It is a bit late but I still wanted to share my presentations from this year’s Linux Plumbers Conference:

On my way back home I had to stay one night in Albuquerque and it looks like the hotel needs to upgrade its TV system. It is still running Fedora 10 which is EOL since 2009-12-18:

Still Fedora 10

To restore a checkpointed process with CRIU the process ID (PID) has to be the same it was during checkpointing. CRIU uses /proc/sys/kernel/ns_last_pid to set the PID to one lower as the process to be restored just before fork()-ing into the new process.

The same interface (/proc/sys/kernel/ns_last_pid) can also be used from the command-line to influence which PID the kernel will use for the next process.

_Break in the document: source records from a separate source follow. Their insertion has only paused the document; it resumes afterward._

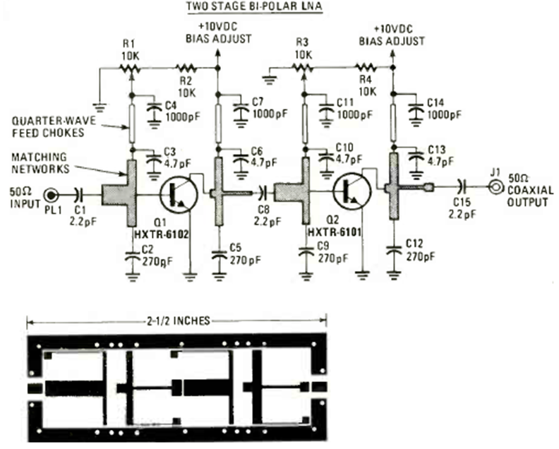 Used in satellite TV receptions in the 1980s, this circuit was found in the March 1980 issue of Radio Electronics magazine. Note the board layout.
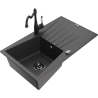 Mexen Cesar granitdiskbänk med en ho, avrinningsyta och köksblandare Carla, grå - 6514-71-670700-70-B
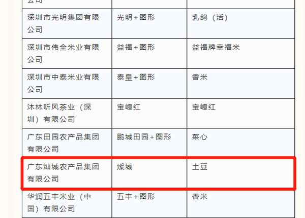 廣東燦城農(nóng)產(chǎn)品集團(tuán)有限公司上榜入選2個產(chǎn)品!
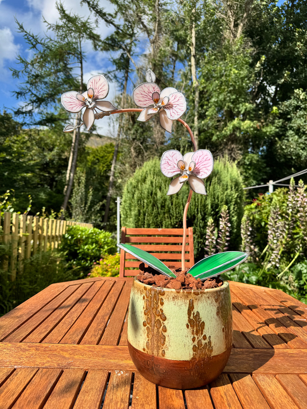 The project features a collection of stunning orchid flowers and buds, created using the traditional tiffany foiling method along with the use of glass painting to replicate the richness of the petals, highlighting the skill and craftsmanship of the artists involved. The additional challenges of ensuring the weight of the floral stem were counterbalanced perfectly with the pot and the stability of each component made this project incredibly exciting and rewarding to complete.
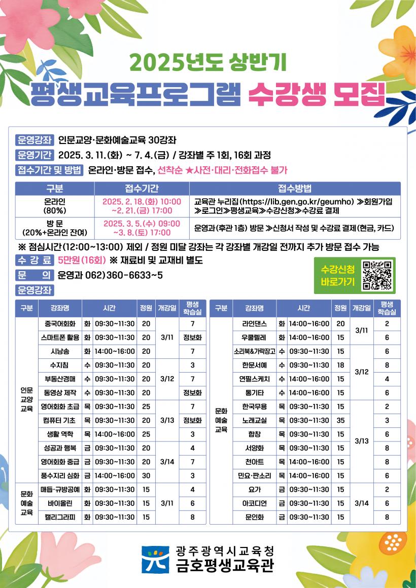 ¼ö° ½ÅûÀº ±ÝÈ£Æò»ý±³À°°ü ´©¸®Áý(https://lib.gen.go.kr/geumho)¿¡¼ ȸ¿ø°¡ÀÔÇÑ ÈÄ ¿Â¶óÀÎ Á¢¼öÇϰųª, ¿î¿µ°ú¿¡ ¹æ¹®ÇØ Á¢¼öÇÏ¸é µÈ´Ù. Á¢¼ö ±â°£Àº ¡¯Æò»ý±³À°ÇÁ·Î±×·¥¡®Àº ¿Â¶óÀÎ 2¿ù 18~21ÀÏ, ¹æ¹® 3¿ù 5~8ÀϱîÁöÀ̸ç, ¡¯¼ºÀι®Çر³½Ç¡®Àº ¿Â¶óÀÎ 2¿ù 25~28ÀÏ, ¹æ¹® 3¿ù 12~15ÀϱîÁöÀÌ´Ù.

# cat /proc/sys/kernel/ns_last_pid
1626
# echo -n 9999 > /proc/sys/kernel/ns_last_pid
# cat /proc/sys/kernel/ns_last_pid
10000

Writing ‘9999’ (without a ‘new line’) to /proc/sys/kernel/ns_last_pid tells the kernel, that the next PID should be ‘10000’. This only works if between after writing to /proc/sys/kernel/ns_last_pid and forking the new process no other process has been created. So it is not possible to guarantee which PID the new process will get but it can be influenced.

There is also a posting which describes how to do the same with C: How to set PID using ns_last_pid

In my last post about CRIU in May 2016 I mentioned lazy memory transfer to decrease process downtime during migration. Since May 2016 Mike Rapoport’s patches for remote lazy process migration have been merged into CRIU‘s criu-dev branch as well as my patches to combine pre-copy and post-copy migration.

Using pre-copy (criu pre-dump) it has “always” been possible to dump the memory of a process using soft-dirty-tracking. criu pre-dump can be run multiple times and each time only the changed memory pages will be written to the checkpoint directory.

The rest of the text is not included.